Gazali, yang saat itu ditemani JFU Bimas Islam Zulfabriandi, mengaku pemahaman masyarakat Bukittinggi terhadap agama cukup tinggi. “Orang Bukittiniggi ini memang kritis, jika ada aliran yang menurut mereka baru, mereka akan lihat dulu buya (guru)-nya, latar belakang pendidikannya, dan sebagainya, jika tidak jelas maka warga akan menjauh” ujar Zulfabriandi.
Itu sebabnya, ia melanjutkan, aliran keagamaan yang bermasalah yang masuk ke Bukittinggi akan bubar dengan sendirinya, “Digangu oleh masyarakat tidak, tetapi akan bubar dengan sendirinya, tidak akan dapat pengikut.
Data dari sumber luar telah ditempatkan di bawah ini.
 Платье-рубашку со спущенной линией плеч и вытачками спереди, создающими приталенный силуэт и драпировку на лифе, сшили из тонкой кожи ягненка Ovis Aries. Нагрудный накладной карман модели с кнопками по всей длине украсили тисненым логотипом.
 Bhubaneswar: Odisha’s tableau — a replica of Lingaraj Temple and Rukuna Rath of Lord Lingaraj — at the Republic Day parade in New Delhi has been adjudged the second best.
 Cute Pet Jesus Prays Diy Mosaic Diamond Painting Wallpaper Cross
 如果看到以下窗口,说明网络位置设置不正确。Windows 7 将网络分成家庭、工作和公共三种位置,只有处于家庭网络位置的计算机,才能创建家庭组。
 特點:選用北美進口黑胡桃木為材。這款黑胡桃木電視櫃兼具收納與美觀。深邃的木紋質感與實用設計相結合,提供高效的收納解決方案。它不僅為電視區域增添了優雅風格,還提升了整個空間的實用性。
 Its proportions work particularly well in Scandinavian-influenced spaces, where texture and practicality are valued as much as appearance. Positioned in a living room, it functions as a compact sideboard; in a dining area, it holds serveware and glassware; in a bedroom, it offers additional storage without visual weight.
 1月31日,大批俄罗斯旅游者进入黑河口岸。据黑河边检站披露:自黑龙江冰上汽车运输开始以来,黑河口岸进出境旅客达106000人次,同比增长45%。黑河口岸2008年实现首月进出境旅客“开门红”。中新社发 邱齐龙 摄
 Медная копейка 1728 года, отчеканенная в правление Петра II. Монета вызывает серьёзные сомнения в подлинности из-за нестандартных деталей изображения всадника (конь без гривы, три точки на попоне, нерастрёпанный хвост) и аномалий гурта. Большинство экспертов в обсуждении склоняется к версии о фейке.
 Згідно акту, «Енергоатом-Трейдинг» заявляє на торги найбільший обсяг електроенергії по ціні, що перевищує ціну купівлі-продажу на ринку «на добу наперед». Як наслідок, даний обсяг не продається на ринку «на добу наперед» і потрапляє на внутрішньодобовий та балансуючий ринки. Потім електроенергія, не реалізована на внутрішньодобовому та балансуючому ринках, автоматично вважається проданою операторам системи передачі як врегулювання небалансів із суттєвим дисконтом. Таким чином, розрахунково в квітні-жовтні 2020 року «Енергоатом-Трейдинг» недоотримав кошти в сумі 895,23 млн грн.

Istilahnya, datang 10 pulang pun sepuluh,” katanya.
Hal tersebut, diakuinya cukup membantu tugas dan fungsi bimbingan agama yang dilakukannya. “Warga Bukittinggi memiliki pakem dalam beragama. Menghargai perbedaan, tidak mengganggu. Itu sebabnya secara keagamaan Bukittinggi aman dan tidak ada gesekan,” tambahnya.
Pihaknya, juga selalu berupaya memberikan penyuluhan keagamaan kepada masyarakat melalui berbagai media. “Penyuluhan terkait kehidupan keagamaan terus disampaikan baik melalui majlis taklim, juga memaksimalkan peranan penyuluh agama, para kepala KUA, dan para guru untuk membimbing kehidupan keagamaan kepada masyarakat,” ujarnya.
Bukittinggi merupakan kota dengan tingkat perekonomian terbesar kedua di Sumatera Barat. Berlokasi di tepian lokasi wisata Ngarai Sianok dan dikelilingi Gunung Singgalang dan Marapi menjadikan kota yang berjarak 90 KM di utara kota Padang ini sebagai andalan wisata utama di ranah minang. Kantor Kemenag Bukittinggi sendiri membawahi tiga KUA, yaitu Mandiangin Koto Selayan, Guguk Panjang, Aur Birugo Tigo Baleh. Kecuali Aur Birugo Tigo Baleh, dua KUA lainnya sudah dibangun dengan pembiayaan melalui Surat Berharga Syariah Negara (SBSN).